16:14:18.341 Loading failed for the <script> with source “http://localhost:8080/index.js”. whole-jam:10282:1
16:14:18.592 [11ty][15:14:18.592 UTC] Connected reload-client.js:21:18
16:14:25.469 Navigated to http://localhost:8080/whole-jam/
16:14:25.575 [11ty][15:14:25.575 UTC] Reconnecting… reload-client.js:21:18
16:14:25.674 GEThttp://localhost:8080/index.js
[HTTP/1.1 404 Not Found 2ms]

16:14:25.779 Loading failed for the <script> with source “http://localhost:8080/index.js”. whole-jam:10282:1
16:14:25.984 [11ty][15:14:25.985 UTC] Connected reload-client.js:21:18

[murtuzaalisurti]

Hi @zachleat, even after manually installing version 1.0.4 (since the one bundled into eleventy is not up to date), I still get these errors… do you have any idea why?

16:14:18.341 Loading failed for the <script> with source “http://localhost:8080/index.js”. whole-jam:10282:1
16:14:18.592 [11ty][15:14:18.592 UTC] Connected reload-client.js:21:18
16:14:25.469 Navigated to http://localhost:8080/whole-jam/
16:14:25.575 [11ty][15:14:25.575 UTC] Reconnecting… reload-client.js:21:18
16:14:25.674 GEThttp://localhost:8080/index.js
[HTTP/1.1 404 Not Found 2ms]

16:14:25.779 Loading failed for the <script> with source “http://localhost:8080/index.js”. whole-jam:10282:1
16:14:25.984 [11ty][15:14:25.985 UTC] Connected reload-client.js:21:18

it should work now, the v1.0.4 is bundled with 11ty v2.0.1

[zachleat]

@murtuzaalisurti Can you use the showVersion dev server option to verify what dev server version is being used at run time? https://www.11ty.dev/docs/dev-server/#options

[murtuzaalisurti]

@zachleat yep, it's running v1.0.4

[zachleat]

@murtuzaalisurti can you test the repo above? it’s what I worked from to fix iirc https://github.com/rothsandro/repro.eleventy-404-csp Maybe I missed something!

[murtuzaalisurti]

@murtuzaalisurti can you test the repo above? it’s what I worked from to fix iirc https://github.com/rothsandro/repro.eleventy-404-csp Maybe I missed something!

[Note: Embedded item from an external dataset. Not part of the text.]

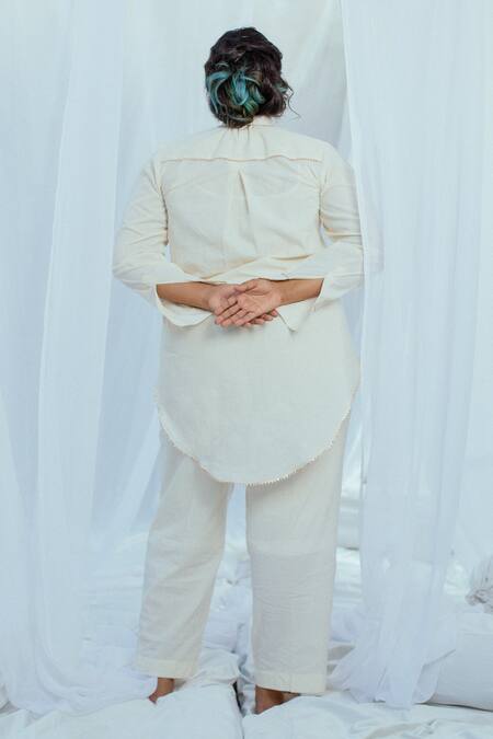 Off-white shirt in hand-woven cotton base detailed with embroidered cutwork running full length from shoulder till hemline.

@zachleat yeah, I was able to reproduce the error. It is evident in 11ty v2.0.0 which bundles 11ty dev server v1.0.3. No issues in v1.0.4 of 11ty dev server.

[zachleat]

great! can you upgrade to 2.0.1 and help report if the issue persists locally?

[murtuzaalisurti]

great! can you upgrade to 2.0.1 and help report if the issue persists locally?

no issues! works perfect.

[zachleat]

ah, hmm—I think we may need a new issue for yours then @murtuzaalisurti (sorry!)

[murtuzaalisurti]

@zachleat so, the expected behavior should be that 11ty v2.0.0 or any 11ty version prior to 2.0.1 should bundle 11ty dev server version 1.0.4 or the latest, right?

[zachleat]

For 2.0.0 from a fresh install, yes. There are additional complexities around pre-installed dependencies or npm cache using an already available version that meets the package.json requirements for 2.0.0. But installing 2.0.1 should guarantee @11ty/eleventy-dev-server 1.0.4+

https://github.com/11ty/eleventy/blob/v2.0.1/package.json#L99
https://github.com/11ty/eleventy/blob/v2.0.0/package.json#L99

[murtuzaalisurti]

@zachleat yep, you are right, I tried running 11ty on stackblitz with v2.0.0 and it bundles v1.0.4 of dev server! I might need to clear npm cache I guess.